T-Test (Independent Samples) — Compare Two Group Means with Statistical Confidence

You have two groups and a number you care about. Did the new checkout flow actually increase order values, or did you just get lucky? Is there a real salary gap between departments, or is the difference within normal variation? The independent samples t-test gives you a definitive, statistically grounded answer. Upload a CSV and find out in under 60 seconds.

What Is a T-Test?

The independent samples t-test answers one question: is the difference between two group averages real, or just random noise? It is the most widely used statistical test in both business and research, and for good reason — it is simple, well-understood, and gives you a clear yes-or-no answer backed by a probability.

Here is the intuition. Suppose you run an A/B test on your pricing page. Version A showed a price of $49 and version B showed $39. After a month, the average order value for Version A customers was $127 and for Version B customers it was $134. That is a $7 difference. But is it a real effect of the lower price point, or could you see a $7 gap just from normal customer-to-customer variation even if the two pages performed identically? The t-test calculates exactly how unlikely that gap would be if there were no real difference. If the probability is low enough (typically below 5%), you conclude the difference is real.

Mathematically, the t-test computes a t-statistic: the difference between the two group means divided by the standard error of that difference. The standard error accounts for both the sample sizes and how much variation exists within each group. A large t-statistic means the gap between groups is large relative to the noise, and the corresponding p-value tells you the probability of seeing a gap that large (or larger) by chance alone.

When to Use the T-Test

Use the t-test whenever you have exactly two groups and a numeric outcome you want to compare. The classic scenarios span every domain:

A/B testing. You split website traffic between two variants and measure conversion rate, revenue per visitor, or time on page. The t-test tells you whether the winning variant genuinely outperforms the loser, or whether the observed difference is within the range of normal fluctuation. This is the foundation of data-driven product decisions at companies of every size.

Clinical trials. A treatment group receives a drug and a control group receives a placebo. The t-test determines whether the treatment group's outcomes (blood pressure reduction, symptom improvement, recovery time) are significantly better than the control group's.
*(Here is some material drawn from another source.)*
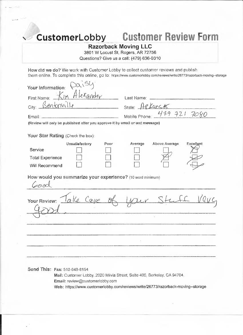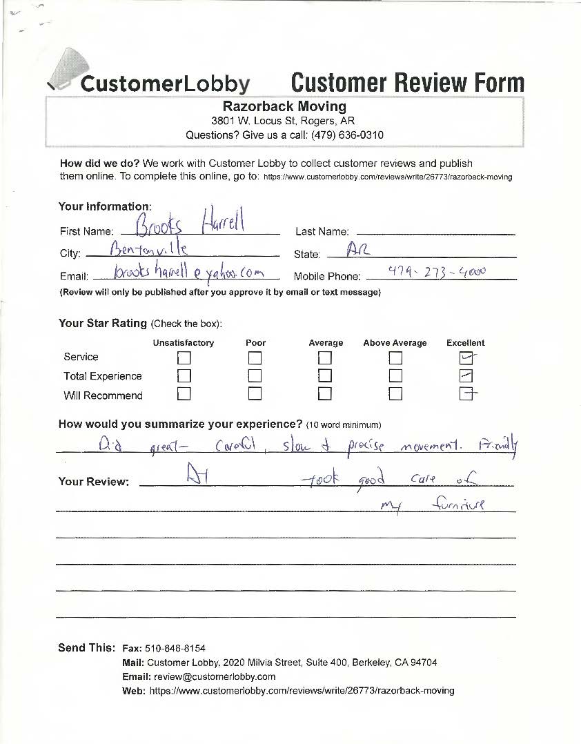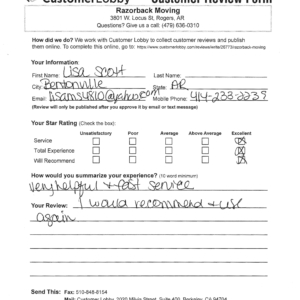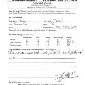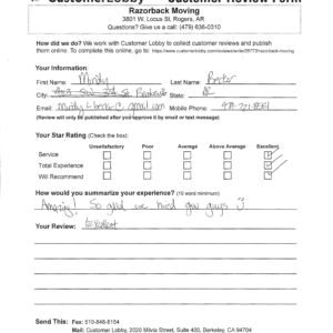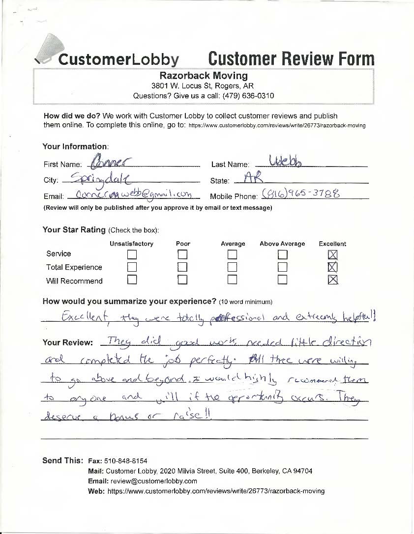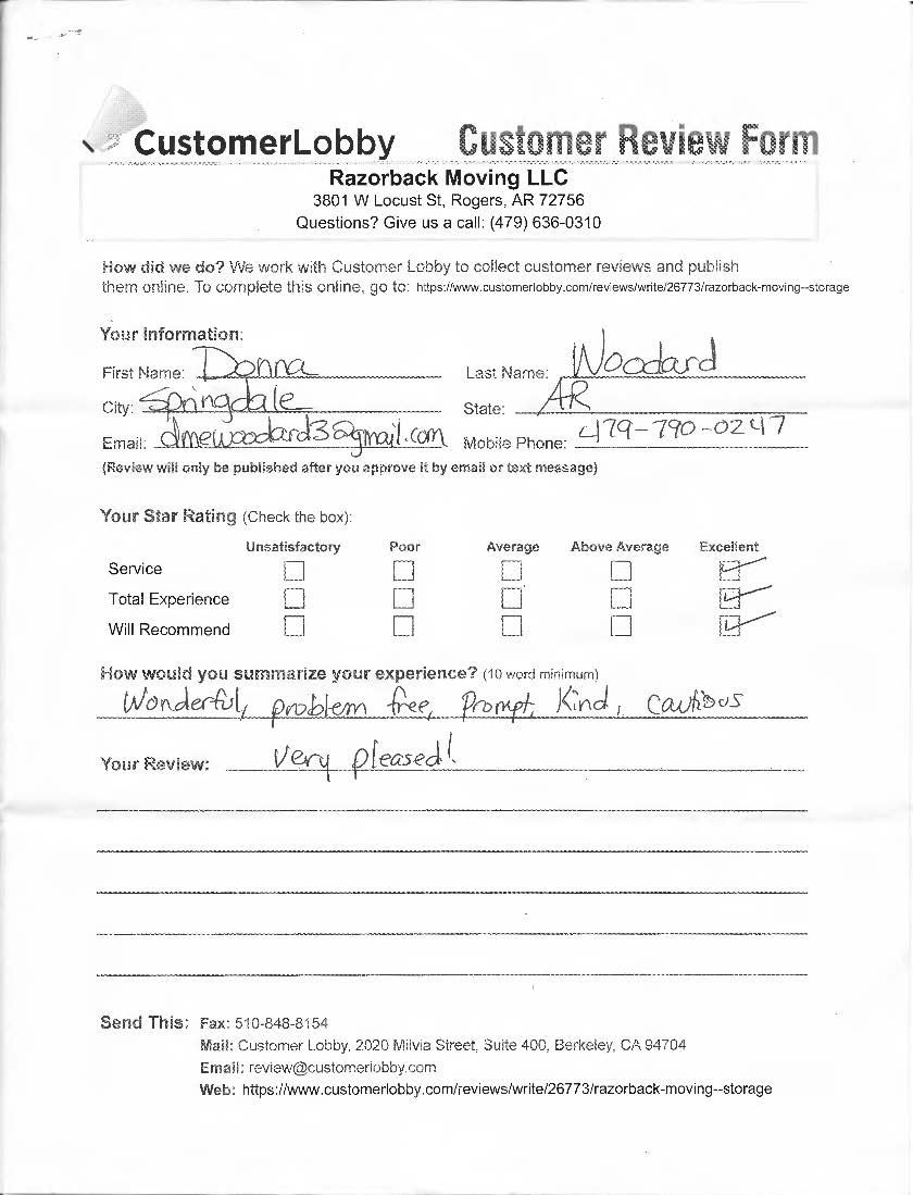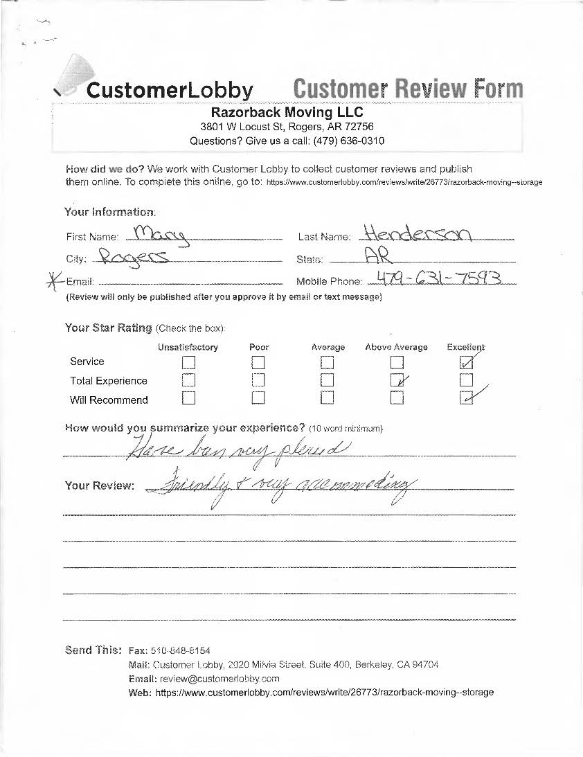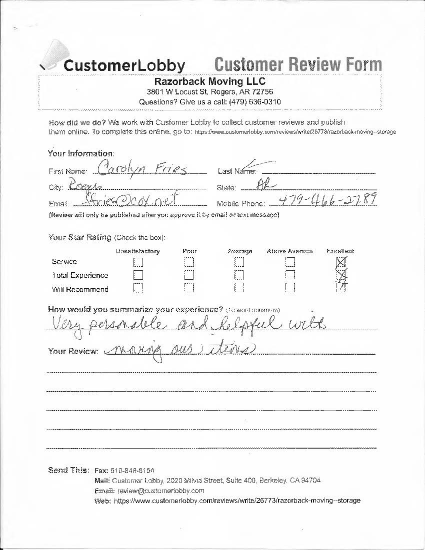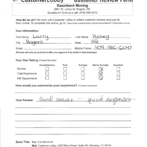 Reviews for Razorback Moving Company

Regulatory agencies expect this level of statistical rigor.

HR and compensation analysis. Compare average salaries between two departments, genders, or office locations. The t-test quantifies whether an observed pay gap is statistically significant or falls within normal variation given sample sizes and salary dispersion. This is critical for pay equity audits and compliance reporting.

Marketing campaigns. You ran Campaign A (email-only) and Campaign B (email plus retargeting). Compare the response rate, average order value, or customer acquisition cost between the two campaigns. The t-test prevents you from declaring a winner based on a difference that could easily be noise.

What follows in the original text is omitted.